On the misuse of residuals in ecology: testing regression residuals vs. the analysis of covariance
Dr E. García-Berthou, Departament de Ciències Ambientals & Institut d’Ecologia Aquàtica, Universitat de Girona, E-17071 Girona, Catalonia, Spain. Tel: + 34 972418 467. Fax: + 34 972418 150. E-mail:firstname.lastname@example.org
- 1An analysis of variance (anova) or other linear models of the residuals of a simple linear regression is being increasingly used in ecology to compare two or more groups.
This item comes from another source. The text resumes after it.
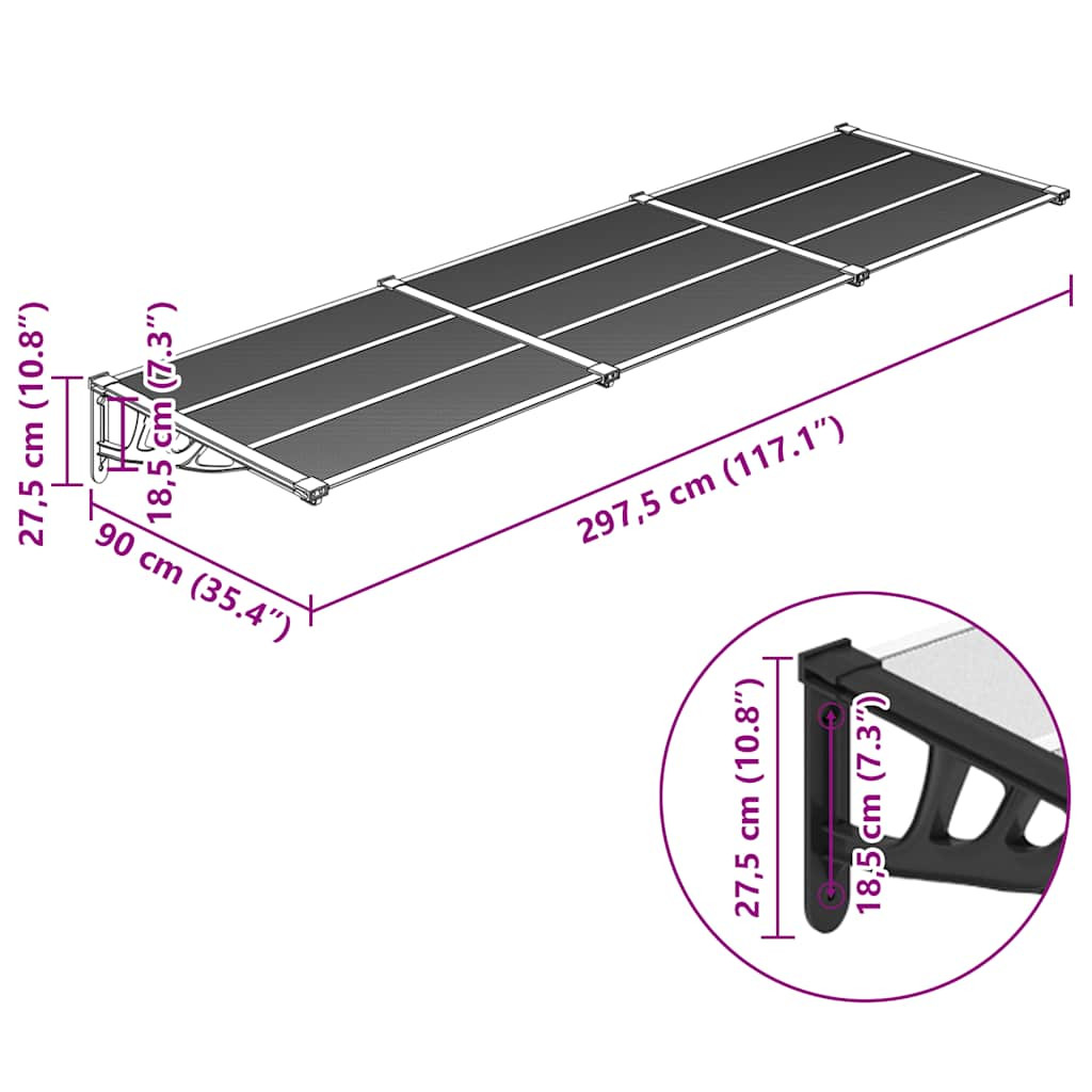 fekete és átlátszó polikarbonát ajtóelőtető 297,5 x 90 cm

Such a procedure (hereafter, ‘residual index’) was used in 8% and 2% of the papers published during 1999 in the Journal of Animal Ecology and in Ecology, respectively, and has been recently recommended for studying condition.
- 2Although the residual index is similar to an analysis of covariance (ancova), it is not identical and is incorrect for at least four reasons:
- (i) the regression coefficient used by the residual index differs from the one used in ancova and is not the least-squares estimator of the model.
- (ii)in contrast to the ancova, the error d.f. in the residual index are overestimated because of the estimation of the regression coefficient.
- (iii)the residual index also assumes the homogeneity of regression coefficients (parallelism assumption), which should be tested with a special ancova design.
- (iv)even if the assumptions of the linear model hold for the original variables, they will not hold for the residuals.
- 3More importantly, the residual index is an ad hoc sequential procedure with no statistical justification, unlike the well-known ancova. For these reasons, I suggest that a t-test or an anova of the residuals should never be used in place of an ancova to study condition or any other variable.